DATA PROVIDED:
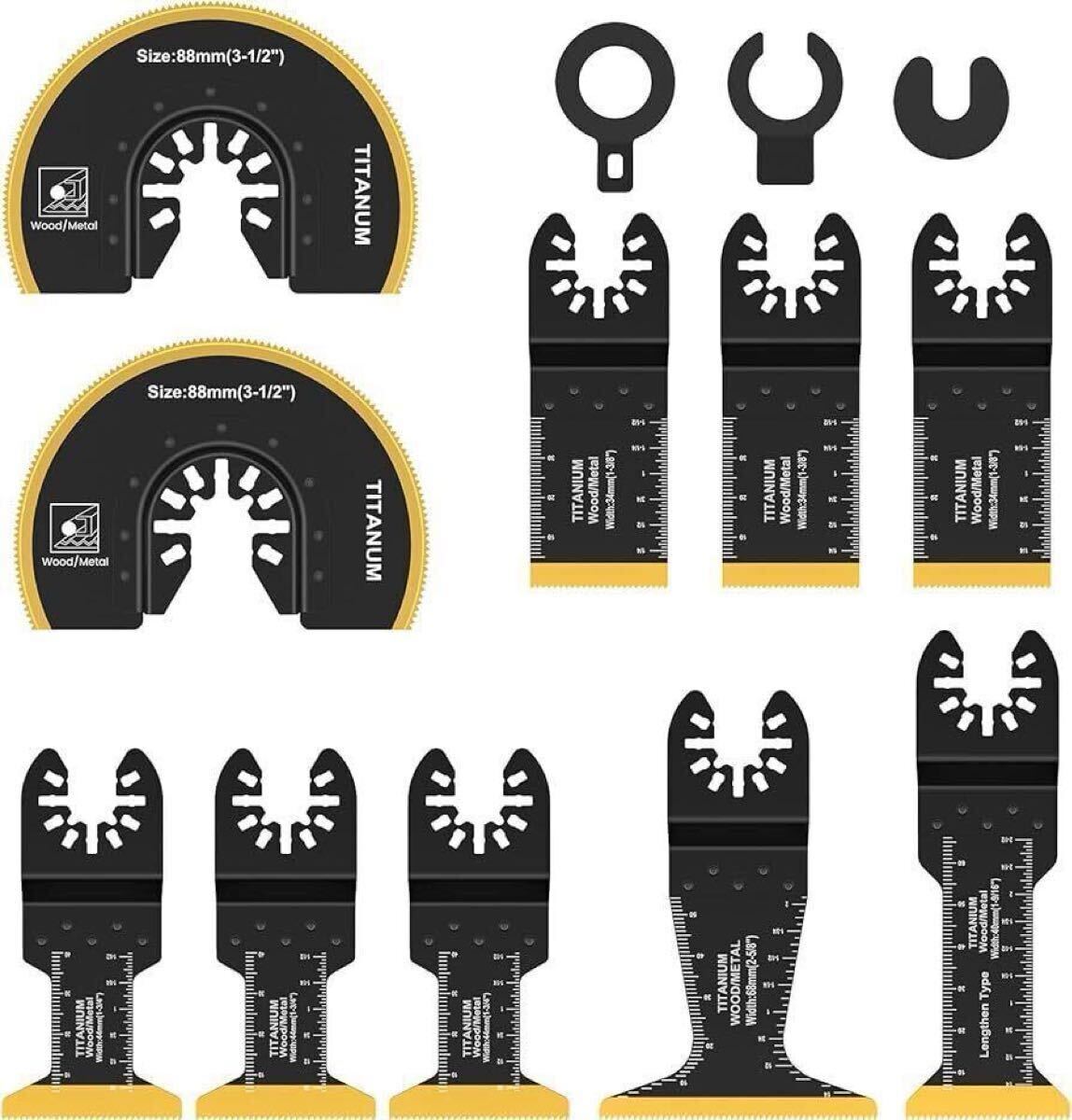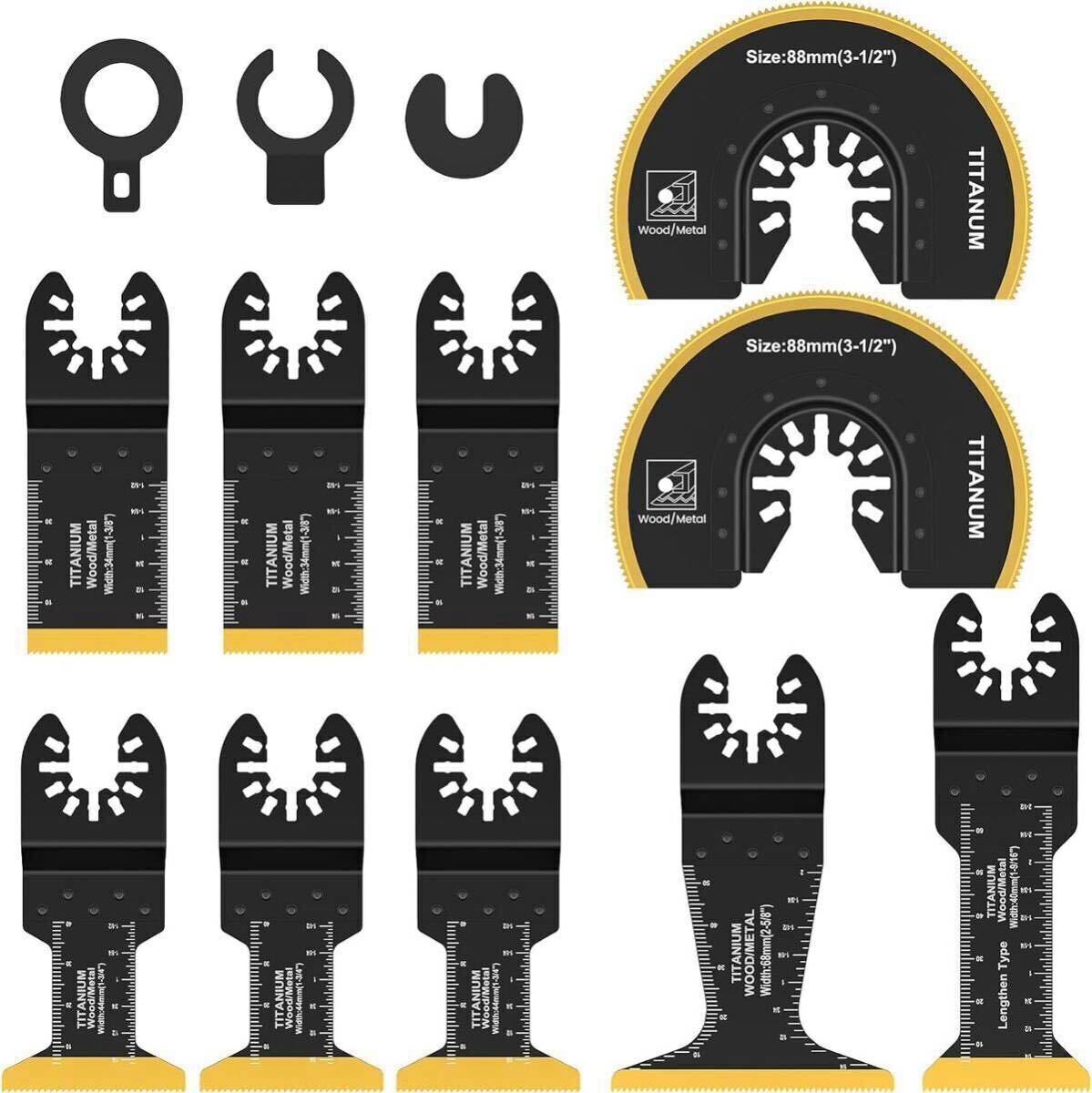 マルチツール 替刃 刃先チタンメッキ 10点セット チタンメッキ 替え刃 金属木材兼用 超硬 カットソーブレード マルチ交換用ブレード 高速切断 プロ仕様 電動工具 先端工具 マキタ 日立 ボッシュ BOSCH デウォルト ミルウォーキー適用 スペーサーアダプター3個付き
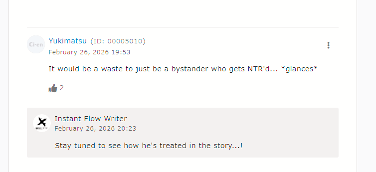 >>562302303>Dev keeps crying about how he can make art for scenes but can't write any erotic situations worth a damnIt's as never ever as it can get.
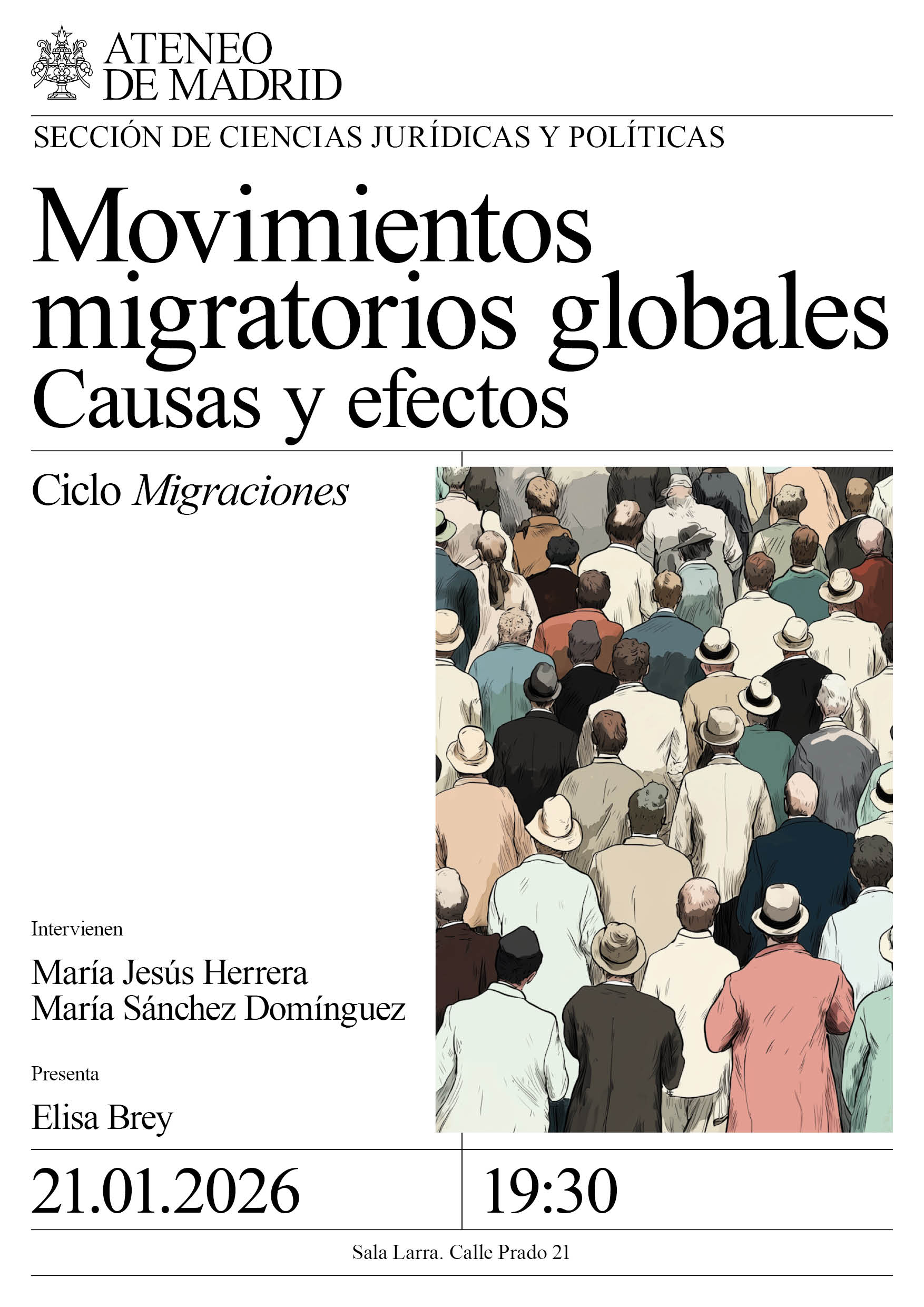 Sección de Ciencias Económicas. Intervienen: María Jesús Herrera, jefa de la Misión de la O.I.M. en España. y Maria Sánchez Domínguez, profesora de Sociologia en la U.C.M. Presenta: Elisa Brey. Sala Larra. 19:30h.

WORK TASK:
In your copy of the material, every word must match and no image should appear.

EXERCISE OUTPUT:
 マルチツール 替刃 刃先チタンメッキ 10点セット チタンメッキ 替え刃 金属木材兼用 超硬 カットソーブレード マルチ交換用ブレード 高速切断 プロ仕様 電動工具 先端工具 マキタ 日立 ボッシュ BOSCH デウォルト ミルウォーキー適用 スペーサーアダプター3個付き
 >>562302303>Dev keeps crying about how he can make art for scenes but can't write any erotic situations worth a damnIt's as never ever as it can get.
 Sección de Ciencias Económicas. Intervienen: María Jesús Herrera, jefa de la Misión de la O.I.M. en España. y Maria Sánchez Domínguez, profesora de Sociologia en la U.C.M. Presenta: Elisa Brey. Sala Larra. 19:30h.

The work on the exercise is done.